Monday, October 18, 2004
Pension Missiles

Like pensions, the decision to deploy of missiles at Fylingdales has been postponed until after the general election. The Labour government wishes to avoid reinforcing the perception of following America's lead. Such actions resurrect the slithering toves of the Cold War peace movement:

Reports over the weekend suggested that the Pentagon had asked Britain for permission to site interceptor missiles at the American-run early warning station at Fylingdales, North Yorkshire.

The government has tried to pour cold water on the story, but there is nevertheless a potentially damaging row looming over the possibility that a deal on the missiles could have been agreed between the two countries, without anyone outside a privileged inner circle being any the wiser.

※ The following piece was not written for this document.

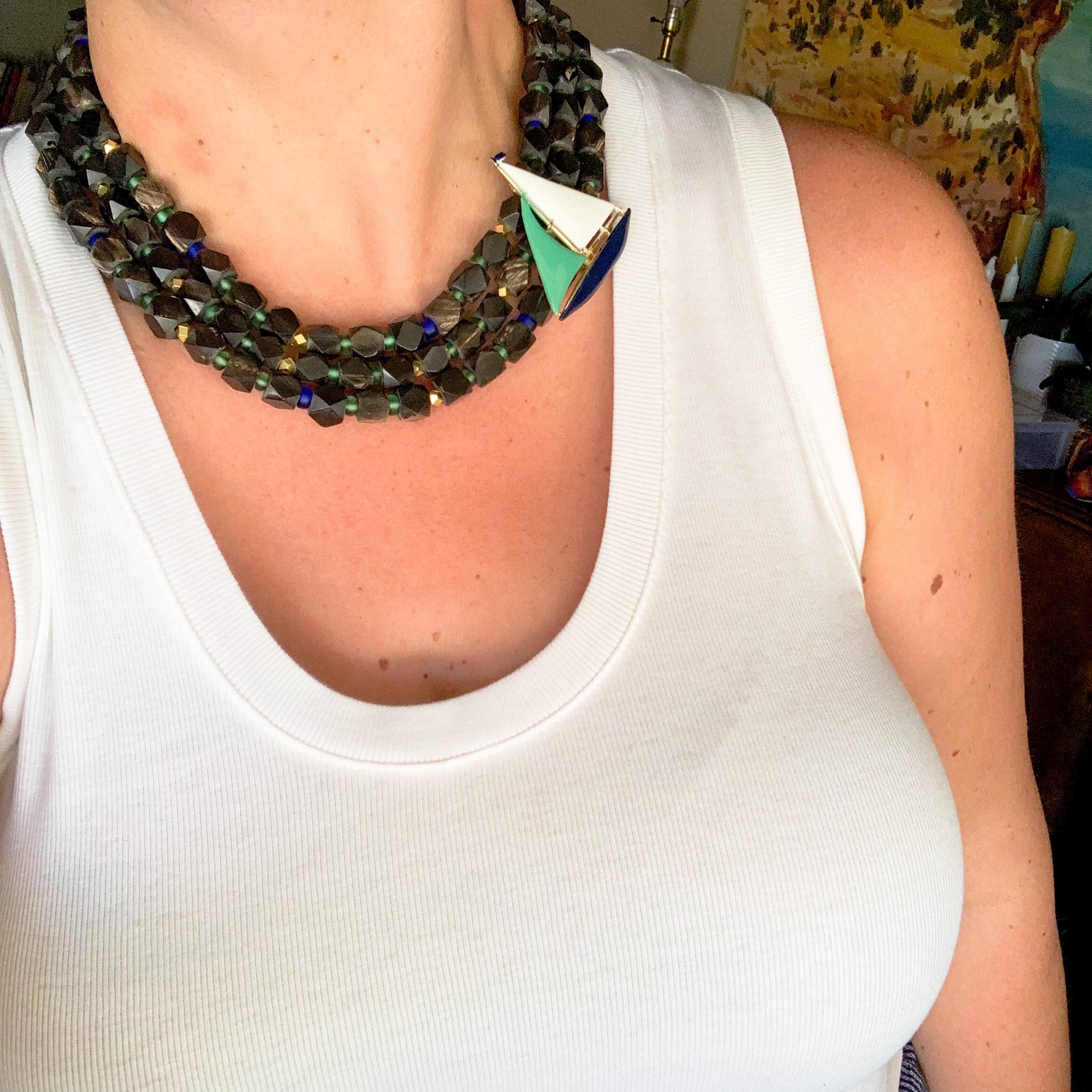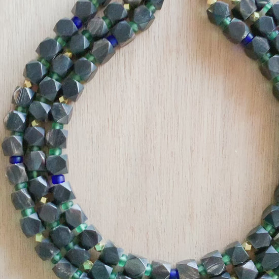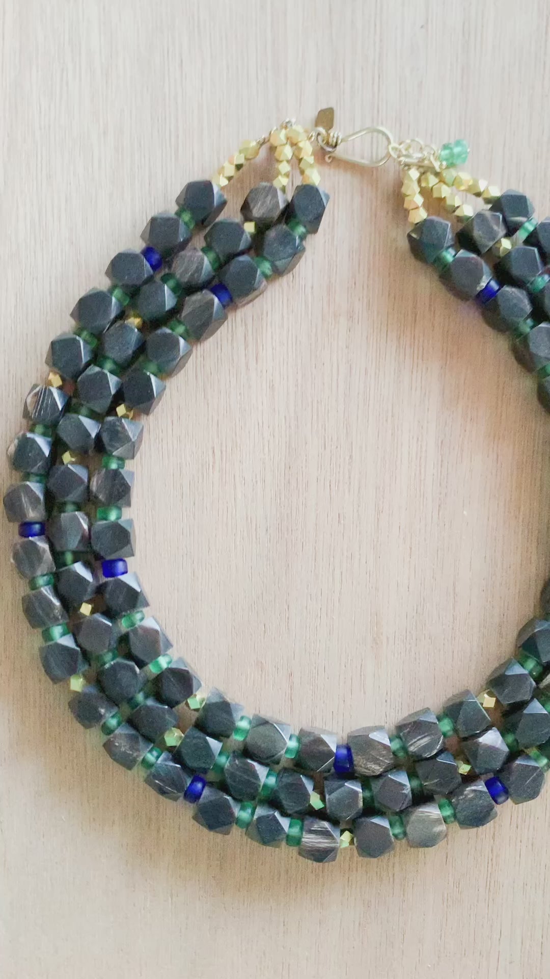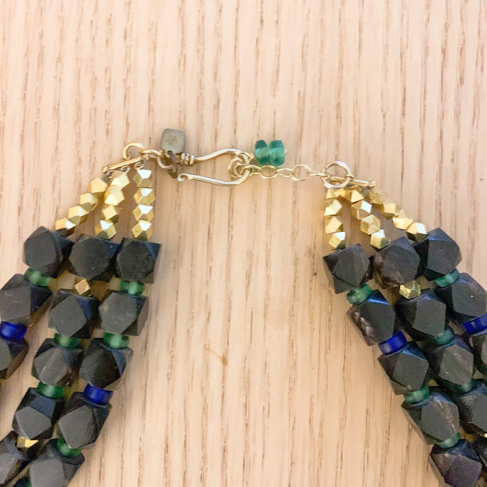 - 3 strands of brown H0RN beads, spaced with blue and green glass

If such a move had been permitted, there would be dark echoes of the Greenham Common days, when peace camps were set up outside the Berkshire USAF base to protest about the siting of cruise missiles on English soil.

The Cold War has come and gone ... but still America feels the need to rein in its allies for their assistance in helping to defend The 50 States.

This story sits uneasily with the assertions of Christopher Booker and Richard North this weekend that the special relationship was in danger, due to the increasing integration of European defence. The Fylingdales episode indicates that the Blair government still straddles the fence, aiming to act as a bridge between Europe and the United States.

The objective is the same but Blair has switched allies in Europe. At first, Blair attempted to reach his goals with the co-operation of Germany and France. The Iraqi War put an end to those hopes. Now, Blair has realised that a pro-American grouping may hold a majority or a blocking vote in European structures, and hopes to unify this loose collective under British leadership. This would explain his enthusiasm for the European Constitution, and his warnings against a 'hard core' integrationist avant-garde.

If the French understand that they may have to subordinate their foreign policy to an Atlanticist majority, this may prove an additional incentive towards the delinking and integration of the Rhineland quartet. The divisions over Iraq are proving longer-lasting than we anticipated.